Op 21 mei 2025 publiceerde de Europese Commissie een voorstel tot wijziging van de Algemene Verordening Gegevensbescherming (GDPR). Dit voorstel maakt deel uit van een “Omnibus package” dat bedoeld is om Europese regelgeving te vereenvoudigen en zo de veerkracht van kleine en middelgrote organisaties te vergroten. De focus ligt daarbij op het verminderen van administratieve lasten als gevolg van overregulering.
Een belangrijk onderdeel van deze vereenvoudiging betreft onder andere het register van verwerkingsactiviteiten. Dit register verplicht organisaties om alle verwerkingen van persoonsgegevens systematisch te documenteren. In de onderstaande analyse bekijken we welke impact de voorgestelde wijzigingen kunnen hebben op het werk van de DPO.
Het register van verwerkingsactiviteiten zoals vandaag vastgelegd
Om administratieve overlast te beperken, voorziet de huidige GDPR-tekst in een uitzondering op de verplichting om een register van verwerkingsactiviteiten bij te houden voor organisaties met minder dan 250 medewerkers. Zij zijn niet verplicht een register op te stellen, tenzij aan minstens één van de volgende drie voorwaarden is voldaan:
- de verwerking brengt waarschijnlijk een risico met zich mee voor de rechten en vrijheden van betrokkenen;
- de verwerking is niet incidenteel;
- de verwerking heeft betrekking op bijzondere categorieën van persoonsgegevens (artikel 9) of op gegevens over strafrechtelijke veroordelingen en strafbare feiten (artikel 10).
Aangezien het volstaat dat slechts één van deze voorwaarden van toepassing is om alsnog een register voor alle verwerkingen verplicht te maken, blijkt deze uitzondering in de praktijk zelden van toepassing. Al blijft bij de interpretatie van deze regels de twijfel bestaan of er in deze gevallen überhaupt geen registerplicht is, dan wel dat het register van verwerkingsactiviteiten in kleine organisaties zich beperkt tot de in artikel 30.5 opgesomde set verwerkingen (zie FAQ EDPB daarover en de publicatie van de Artikel 29-werkgroep (WP29)).
Wat staat in het recente voorstel van de Commissie?

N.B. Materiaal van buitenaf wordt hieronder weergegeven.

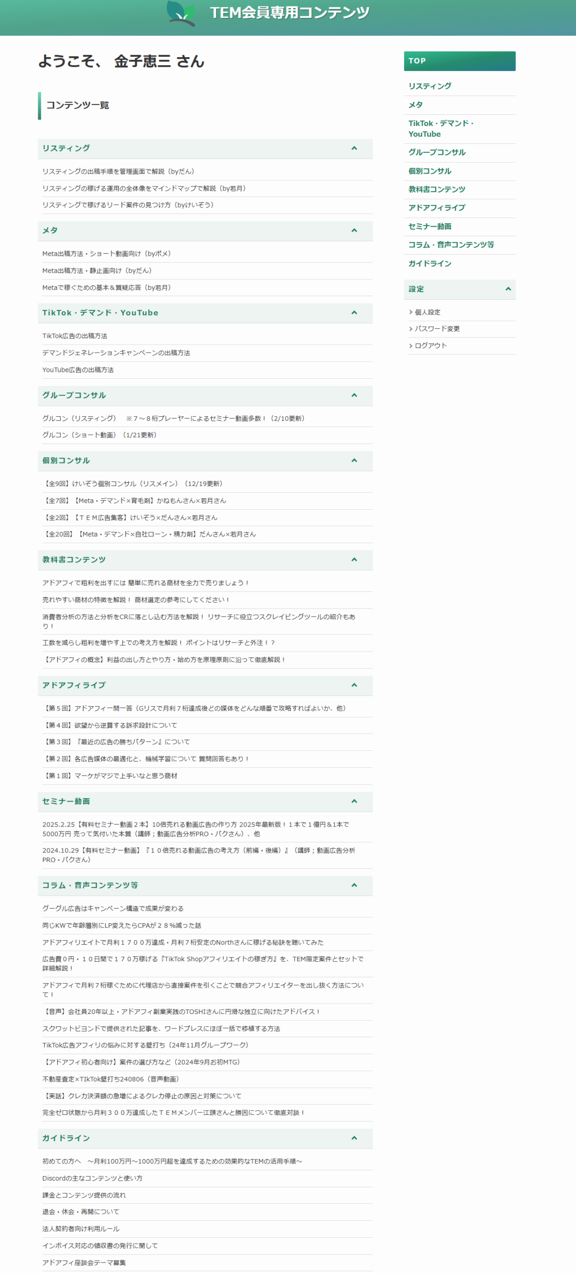 - PPCアフィリショートセミナー動画(月利8桁・7桁達成したTEMメンバーが講師)
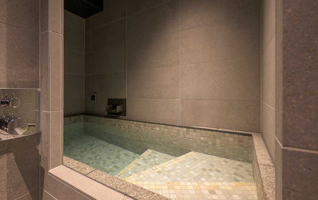 洞窟を思わせる石造りの水風呂で、火照った身体を素早くクールダウン。ザブンと浸かれるのはもちろん、打たせ湯のごとく流れ落ちる水を頭から浴びることも。お部屋の製氷機の氷を入れ、極冷の水風呂にするのもおすすめです。
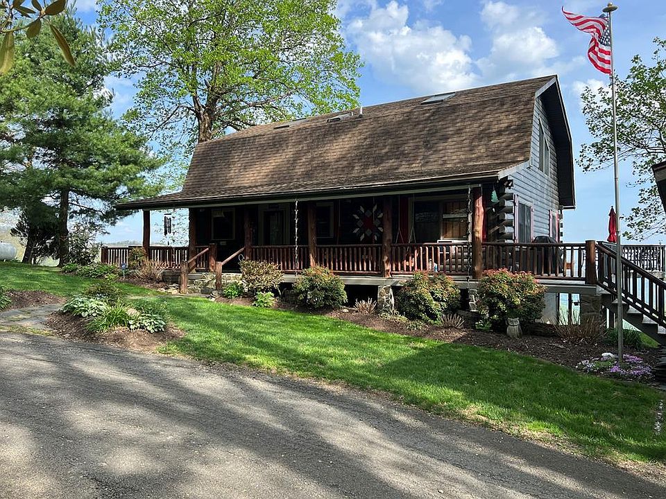 Beautiful Cabin with spectacular Piedmont views located in the gated Hilltop Subdivision right off the Blue Ridge Pkwy. Home features: 1458 sq. ft. 2 Bedroom, 2 Baths, but what sets this property apart from others is the custom designed kitchen featuring granite countertops, custom backsplash, kitchen island, barn wood custom cabinets and slate flooring that is a must see. Kitchen was featured on Houzz.com. This open floor plan also features dining and living room areas with piedmont views, stone gas log fireplace, exposed beams, bedroom, and full bath on the main level. On the 2nd level you have another bedroom and full bath. Home also has half basement for plenty of storage or could be finished into additional living sq. footage. Exterior Amenities features nice landscaping, front covered porch with a full wrap around deck to enjoy the 60-miles piedmont views. Property also features a 2 vehicle Carport and circle drive. Beautiful sunrises and the views are amazing in all 4 seasons.
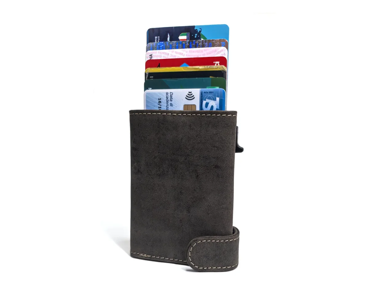 Ecco un portacarte di credito automatico in pelle robustissima, sicuro e pratico allo stesso tempo. Il nostro Portacarte uomo Automatico in Pelle modello Hunter è la soluzione perfetta per te. Realizzato in morbida pelle di bufalo con un design raffinato, questo portacarte è l’accessorio ideale per l’uomo o la donna moderni che desiderano tenere al sicuro le proprie carte e i propri contanti in ogni momento della giornata.
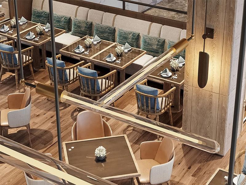 公共餐饮区域则延续了项目的设计语言,木质餐桌椅与布艺卡座的组合,既保留了酒店的温馨感,又适配了多人用餐场景。长条形透明灯管与木质墙面的碰撞,让光线在空间中自由流动,搭配精致的餐具与花艺装饰,让用餐成为一场兼具视觉与味觉的享受。
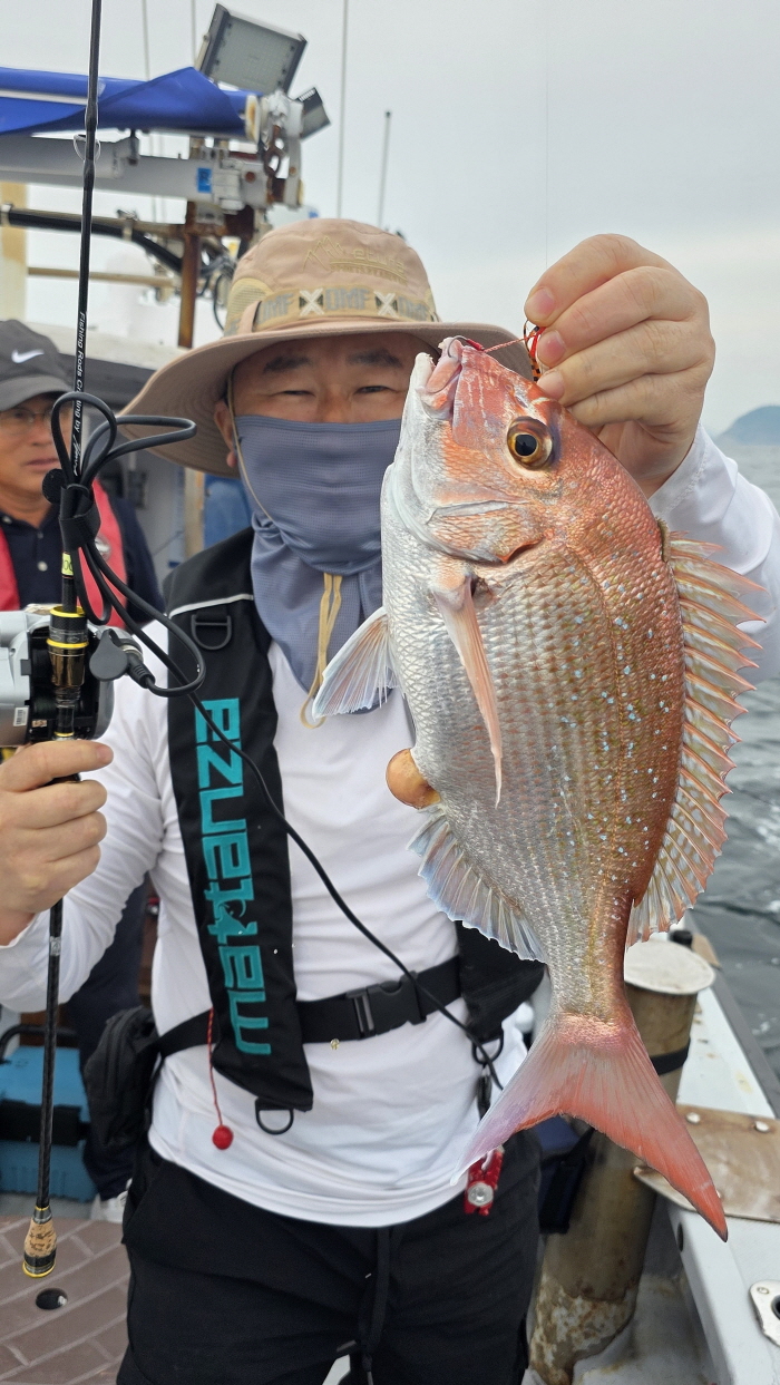 묵직한 손맛에 몇 차례 드랙이 풀려나가며 참돔의 저항이 시작되었고 수면 위로 붉은 빛깔의 40cm급 참돔이 올라왔다.
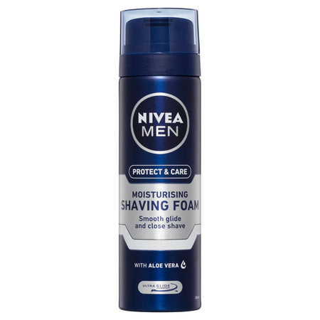 Does your skin tend to dry out and become easily irritated from shaving? You are in the right place. NIVEA MEN Protect & Care Moisturising Shaving Foam with Aloe Vera and Pro-Vitamin B5 cares for your skin and protects it from drying out. Skin compatibility dermatologically approved. Nivea Men. It starts with you.Size: 200mL.
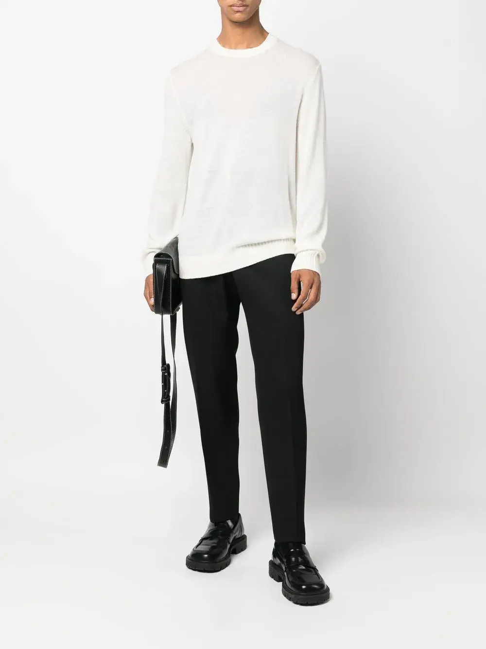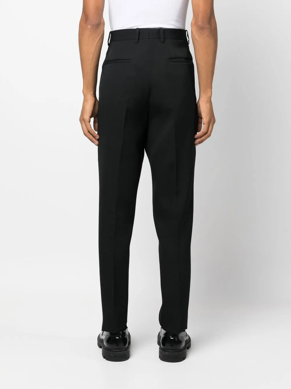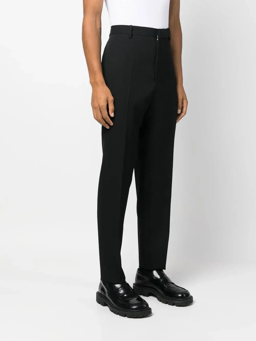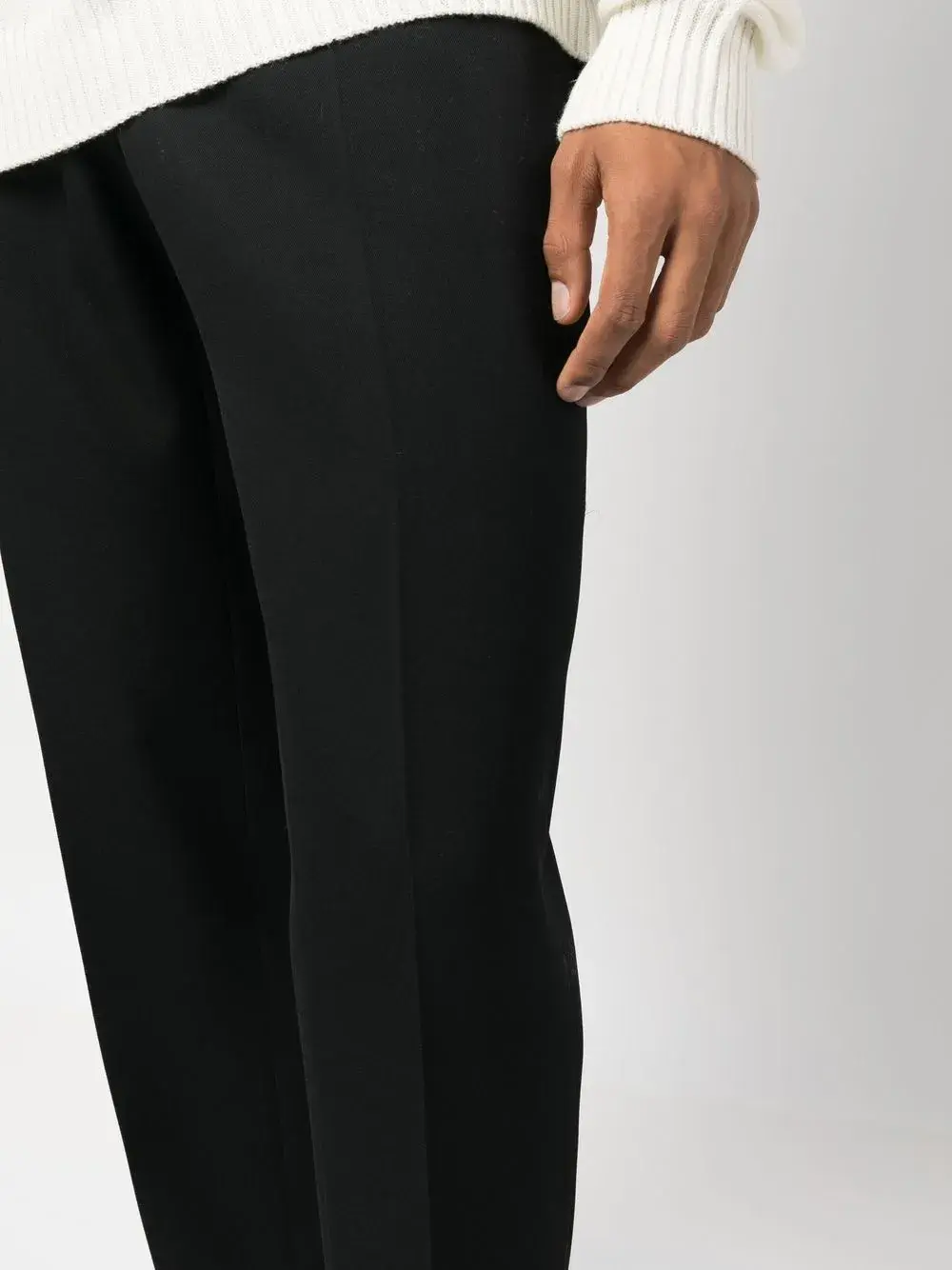 Черный, шерсть, хлопок, потайная застежка спереди, петли для ремня, два кармана с листочкой сзади, завышенная талия и зауженный крой.
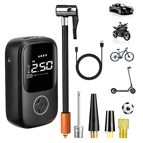 Pompa ad aria elettrica con display LCD digitale e luce LED, 150 PSI compressore d'aria elettrico, batteria da 4000 mAh, ricaricabile per bicicletta, moto, auto palla
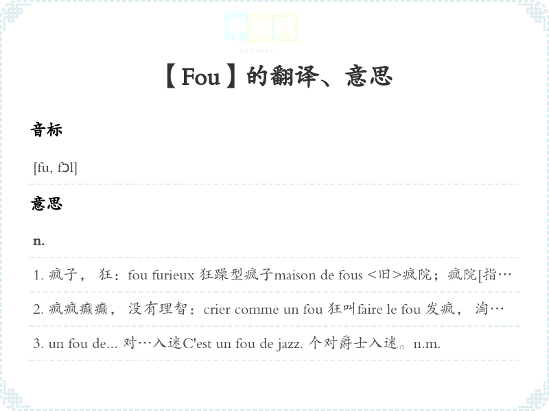 失去理智,愚蠢, 傻fou de joie 欣喜若狂un fol espoir 失去理智希望être fou de... 发疯般地爱上…,狂热地迷恋…,对…入迷Il est un peu fou. 个有点不正常,有点怪。

In de eerste plaats wil de Commissie met haar voorstel bereiken dat ook middelgrote ondernemingen kunnen profiteren van de beoogde versoepelingen. Daartoe stelt zij voor om een definitie in te voeren van small mid-cap enterprises (SMCs): organisaties met maximaal 750 medewerkers.
Daarnaast stelt de Commissie voor om de drie voorwaarden die momenteel bepalen of een verwerkingsregister verplicht is, te versoepelen. Door deze aanpassing zal in de praktijk vermoedelijk minder vaak een register nodig zijn.
Voortaan zal een register enkel nog verplicht zijn voor ondernemingen of organisaties die
- met 750 personen of meer in dienst werken of
- met minder dan 750 werknemers en
- die verwerkingen uitvoeren die een ‘hoog risico inhouden voor de rechten en vrijheden van natuurlijke personen’ (in praktijk: waarvoor je conform artikel 35 een DPIA moet uitvoeren) met uitzondering van verwerkingen in verband met arbeidsrecht en het socialezekerheids- en socialebeschermingsrecht (9.2 (b))
Kort gezegd: ben je een organisatie met minder dan 750 medewerkers, dan hoef je straks enkel nog een register van verwerkingsactiviteiten bij te houden als je verwerkingen uitvoert die een hoog risico inhouden, en die geen verband houden met wettelijke verwerkingen voor personeelsbeheer.
Merk op dat de vrijstelling geldt voor ‘ondernemingen of organisaties‘. De vraag stelt zich wat men met deze laatste categorie bedoelt. Zijn overheidsinstellingen ook organisaties? Uit de context van het Omnibus pakket, zouden we kunnen stellen dat men enkel organisaties bedoelt die een commercieel oogmerk hebben.
De Commissie verwijst immers naar definities van “SME/SMC-enterprises”, wat betrekking heeft op organisaties met een economische activiteit. Gezien we ervan uitgaan dat op het punt van administratieve verplichtingen overheden weinig uitsluitingen kennen (zie ook verder: de aanstellingscriteria voor een DPO), gaan we er in dit artikel van uit dat overheden niet onder de vrijstelling vallen.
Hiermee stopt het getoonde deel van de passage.